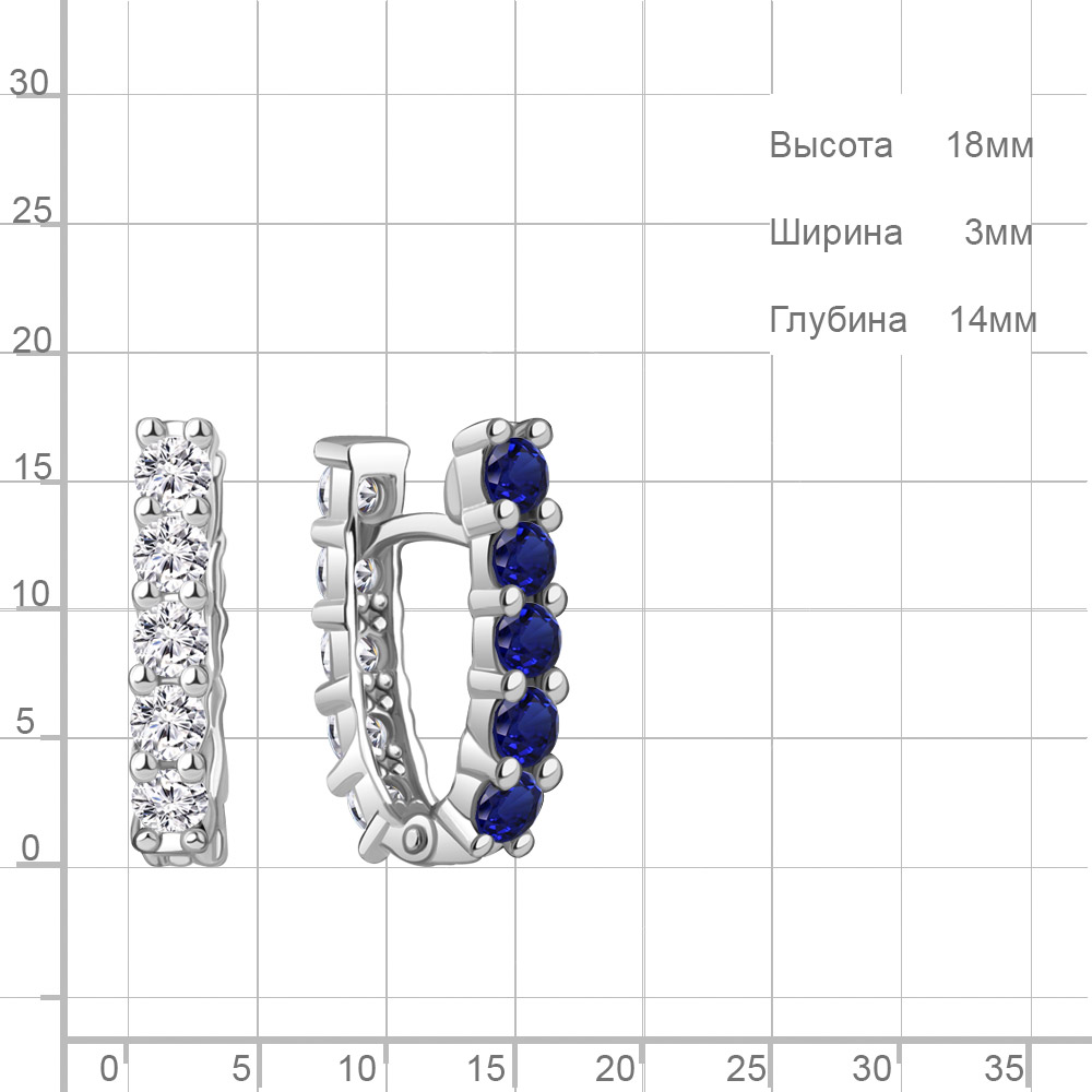 49851АБ Серьги из Серебра с наносапфирами, фианитами из коллекции "Клеопатра"
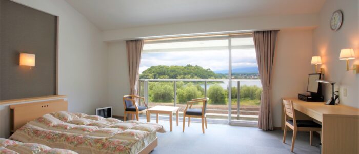 河口湖駅 → 周遊バス約30分 → 徒歩約15分
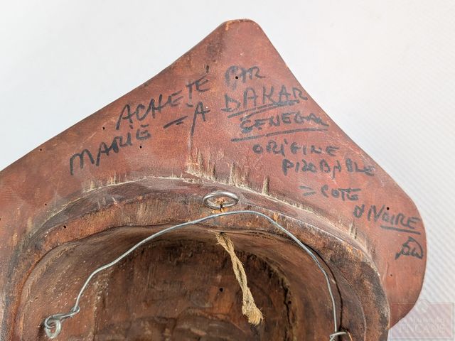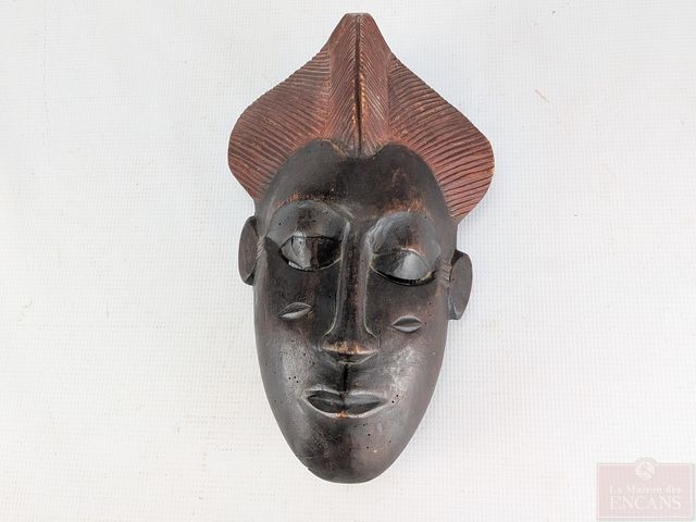 Lot # 2 - Masque africain Baoulé sculpté sur bois, provenant de la Côte-d'Ivoire et mesurant 11 pouces de hauteur
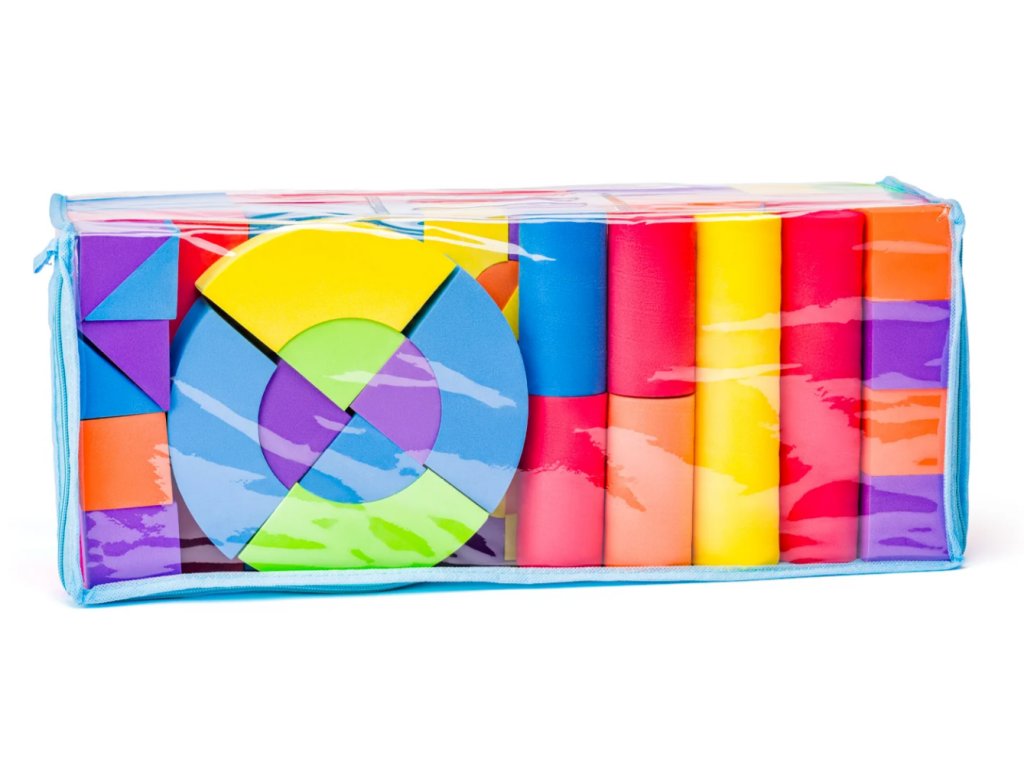 Tato sada obsahuje 52 barevných kostek různých tvarů – válce, kvádry, kostky i půlkruhy – ideální pro snadné a bezpečné stavění. Kostky jsou vyrobené z měkkého pěnového materiálu, který je lehký, příjemný na dotek a zcela bezpečný. Nemají ostré hrany, takže si děti při hraní ani pádu neublíží.

- TASK BRIEF: Exact copy, no images: rewrite the entire listing above.

- RESULT OF THIS TASK:
 49851АБ Серьги из Серебра с наносапфирами, фианитами из коллекции "Клеопатра"
 河口湖駅 → 周遊バス約30分 → 徒歩約15分
 Lot # 2 - Masque africain Baoulé sculpté sur bois, provenant de la Côte-d'Ivoire et mesurant 11 pouces de hauteur
 Tato sada obsahuje 52 barevných kostek různých tvarů – válce, kvádry, kostky i půlkruhy – ideální pro snadné a bezpečné stavění. Kostky jsou vyrobené z měkkého pěnového materiálu, který je lehký, příjemný na dotek a zcela bezpečný. Nemají ostré hrany, takže si děti při hraní ani pádu neublíží.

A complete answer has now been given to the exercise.